Canadian politician (born 1932)

James Douglas Manly (born 29 October 1932) is a former Canadian politician who served as the Member of Parliament (MP) for Cowichan—Malahat—The Islands from 1980 to 1988. A member of the New Democratic Party, he also was a clergyman, factory worker and logger by career.

==Before politics==
Manly was ordained a minister in the United Church of Canada in 1957.

==Political career==
His first attempt at entering federal politics was unsuccessful as he was defeated at British Columbia's Cowichan—Malahat—The Islands electoral district in the 1979 federal election. He won the riding in the 1980 federal election and was re-elected in the 1984 election. After this he left national politics having served in the 32nd and 33rd Canadian Parliaments. In parliament, Manly served as the New Democratic Party's Aboriginal Affairs critic.

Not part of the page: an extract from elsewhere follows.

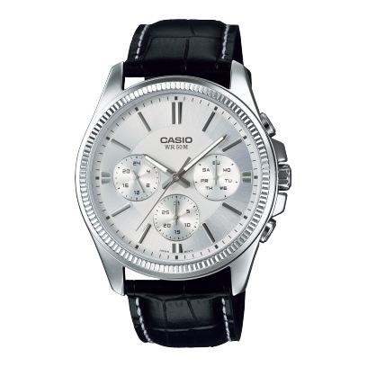 El Casio MTP-1375L-7AV apuesta por una estética clara y equilibrada. Su esfera plateada maximiza la legibilidad y transmite orden visual, mientras que las subesferas multifunción se integran con discreción y simetría. La correa de cuero negro refuerza su carácter formal, convirtiéndolo en una pieza ideal para contextos profesionales donde la elegancia es silenciosa pero firme.

He and his wife had previously lived and worked with Haisla people in Kitimat from 1959 to 1963. As an MP he refused to support the Meech Lake Accord despite his party's official support for the constitutional deal, and walked out of the House of Commons during one of the votes on the accord.

Manly also unsuccessfully attempted to enter British Columbia politics for the NDP in 1969 at the provincial Prince Rupert riding.

==After politics==
He has remained active in peace and social justice issues and has engaged in Central American solidarity work on behalf of the United Church. In 1997, he wrote The Wounds of Manuel Saquic : Biblical Reflections from Guatemala. Published by the United Church's publishing arm, the book explored the issues of poverty, justice, solidarity and liberation theology in Guatemala and Central America linking issues with biblical passages. He also served as a member of the United Church's British Columbia task force on residential schools and recommended that the church apologize to aboriginal Canadians for its role in the institutions.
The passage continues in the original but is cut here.